Poco después Peter terminó de contar, escuché la puerta abrirse y tapé mi nariz en un intento de controlar mi respiración, escuché un par de pasos alejarse y me creí a salvo por lo que solté una gran bocanada de aire, pero de pronto el mantel se levantó y un pequeño grito escapó de mis labios haciendo reir al culpable.

-Peter- lo golpeé en el hombro reprochandole el susto.

-Lo siento- sonrió de ese modo tan suyo y no pude evitar responder del mismo modo. Avanzamos en silencio buscando a los menores y no tardamos en escuchar la voz de Lucy, doblamos en una esquina y la vimos de pie, frente a nosotros con una gran sonrisa, junto a una cortina por la cual se asomaba la cara de Ed.

-Yo…creo que no entendieron de que se trata el juego, ¿verdad?- habló mi amigo al acercarnos.

-¿No se preguntaron donde estaba?- nos cuestionó extrañada.

-Ese es el punto, de eso se trata este juego- contestó Edmund como si le explicara a un bebé.

-¿Significa que gané?- Susan nos alcanzó sonriendo.

-Lu no quiere que juguemos mas- dijo Peter a modo de respuesta.

-Estuve lejos por horas- explicó ella como si no entendiera.

-¿De que hablas?- me agaché para quedar a su altura.

-Hay un bosque en el fondo de un ropero, había nieve por todas partes y me hice amiga de un fauno, el Señor Tumnus.

-¿Dónde esta el ropero?- quise saber intrigada.

-Siganme- tomó la mano de su hermano y nos guió por los pasillos hasta un cuarto vacío de no ser por el ropero que se encontraba al fondo de este. Susan se adelantó a abrirlo y tocó un par de veces el fondo del ropero mientras Edmund revisaba la parte de atrás del mismo.

-Lucy, aquí no hay mas que el fondo del ropero- Su se veía fastidiada y yo no sabía que pensar.
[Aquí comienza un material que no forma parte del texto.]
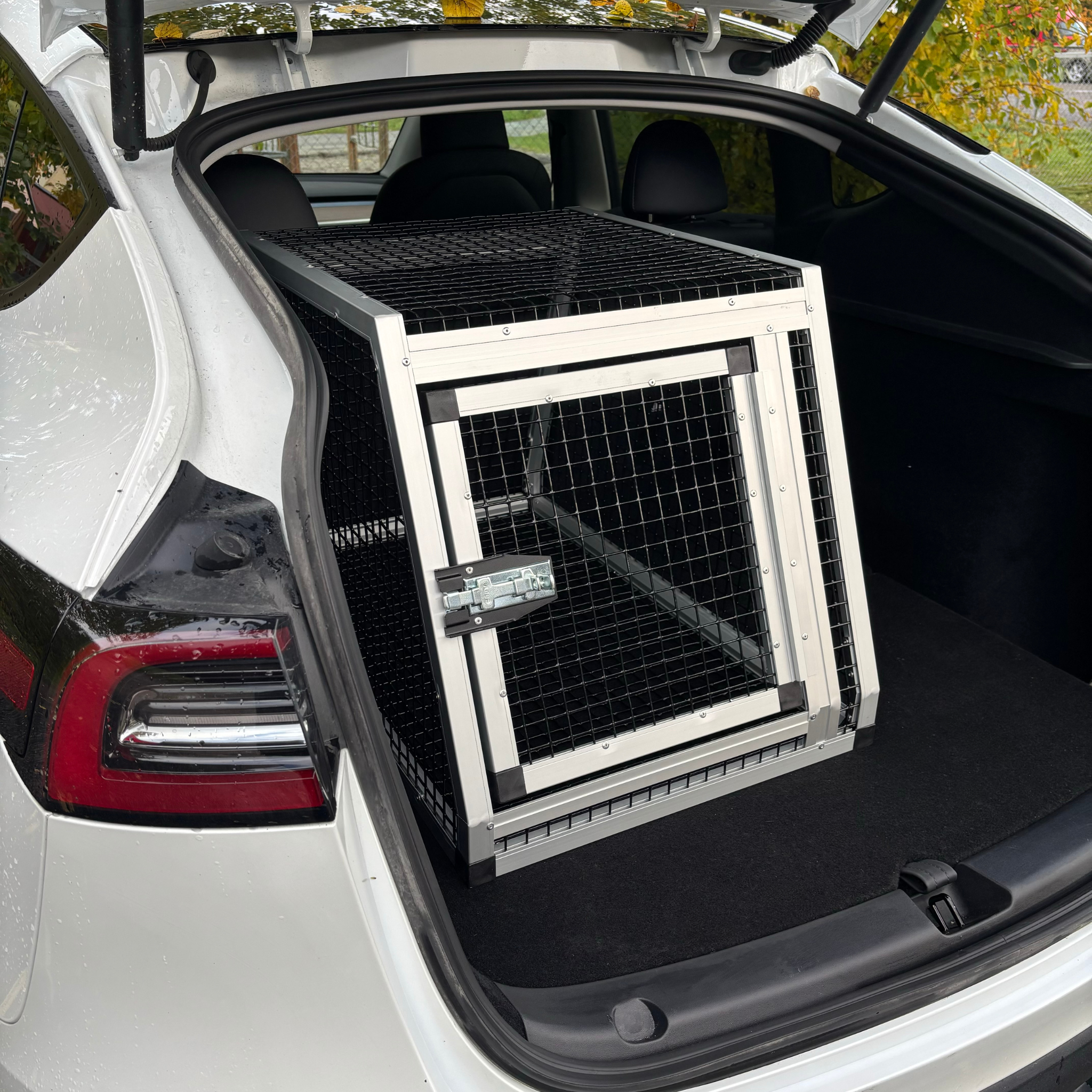 Norsk produsert hundebur til din Tesla Model Y. Sikrer at kjæledyret ditt har både trygghet og komfort under bilturer. Buret fungerer som et fast og trygt sted for hunden, og beskytter mot risting, støt og plutselige bevegelser. Det er også laget for å være knirkefritt. Når du er på hytta eller andre steder utenfor hjemmet, vil buret gi et trygt og behagelig sted for kjæledyret å hvile og sove.

-Un juego a la vez Lu, no tenemos tu imaginación- esta vez fue Peter quien habló antes de comenzar a irse junto con los otros.

-¡Pero no lo imaginé!- exclamó mi joven amiga.
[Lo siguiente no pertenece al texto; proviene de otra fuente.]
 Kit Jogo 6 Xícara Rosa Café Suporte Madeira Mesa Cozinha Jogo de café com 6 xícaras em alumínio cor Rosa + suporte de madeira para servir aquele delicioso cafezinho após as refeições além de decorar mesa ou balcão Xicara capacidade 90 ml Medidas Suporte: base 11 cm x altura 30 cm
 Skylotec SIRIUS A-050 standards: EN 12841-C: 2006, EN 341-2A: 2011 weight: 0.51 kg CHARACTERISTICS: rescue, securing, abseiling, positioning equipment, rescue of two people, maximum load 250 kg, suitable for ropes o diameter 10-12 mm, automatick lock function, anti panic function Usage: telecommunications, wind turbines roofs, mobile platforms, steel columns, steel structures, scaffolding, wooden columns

-Lucy, ya basta- Susan ya se había molestado.

-Pero no estoy diciendo mentiras- estaba herida por las reacciones de sus hermanos.

-Yo te apoyo- intercedió Ed con una sonrisa adelantandose hacia la menor.
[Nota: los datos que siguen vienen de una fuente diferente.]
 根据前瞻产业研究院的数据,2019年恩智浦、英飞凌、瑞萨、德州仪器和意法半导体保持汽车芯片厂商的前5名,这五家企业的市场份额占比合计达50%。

-¿En serio?- eso la había tomado por sorpresa, igual que a mi, hacía tiempo desde la última vez que la apoyó así.

-Si, te creo, yo vi un campo de fútbol en el gabinete del baño- se burló y toda sorpresa me abandonó.

-Ay Edmund, ya déjala en paz, ¿por qué siempre tienes que emperorarlo todo?- la voz de Pete comenzaba a subir de tono.

-Solo era un chiste- se defendió indignado.

-Creo que tu nunca crecerás- dijo con aires de superioridad, vi a Ed y supe que todo estaba perdido por hoy entre ellos.

-¡Déjame, tu te crees nuestro padre y no lo eres!- gritó el segundo más chico a la cara de su hermano con el rostro enrojecido por la furia antes de de irse corriendo.

-Tú si que arreglas las cosas- le recriminó la mayor de sus hermanas antes de irse detrás de Edmund.

-Pero…todo lo que dije es verdad- finalizó la pequeña implorandole a su hermano que le creyera.

-Susan tiene razón Lucy, ya basta- luego de eso se fue.

-Lucy…

-Tu si me crees, ¿verdad Lena?- rogó al borde del llanto.

-N-no lo se Lucy…- murmuré desviando la mirada.

-Pero…tus historias.

-Solo son eso, cuentos Lu, por mas que me gustaría que fuera de otro modo.

-Pero…

-Pero quiero creerte, nunca dices mentiras, y no creo que fueras a empezar ahora- solo eso bastó para ganarme un abrazo por parte de ella, me separé y me senté en el suelo palmeando el lugar a mi lado- ahora, tienes muchas cosas que contarme señorita.

¡Hola!

Lamento no haber actualizado en mas de un año, pero la historia murió por un tiempo, me ocupé mucho, examenes de admisión, finales, proyectos y demás y no tuve cabeza para ella, solo que hace poco vi mi libro y recordé lo abandonado que había dejado esta historia y por algún milagro divino volví a tener inspiración así que espero que este nuevo capitulo este a la altura de sus expectativas y valga la pena la espera.

También trataré de no dejar que pase demasiado tiempo antes de mi siguiente actualización, pero a veces se vuelve lento ya que el punto que quiero alcanzar en la historia aun esta muy lejos y no quisiera empezar ahí porque creo que merecen una historia completa donde puedan ver desde el principio que pasa y como llegamos hasta ahí.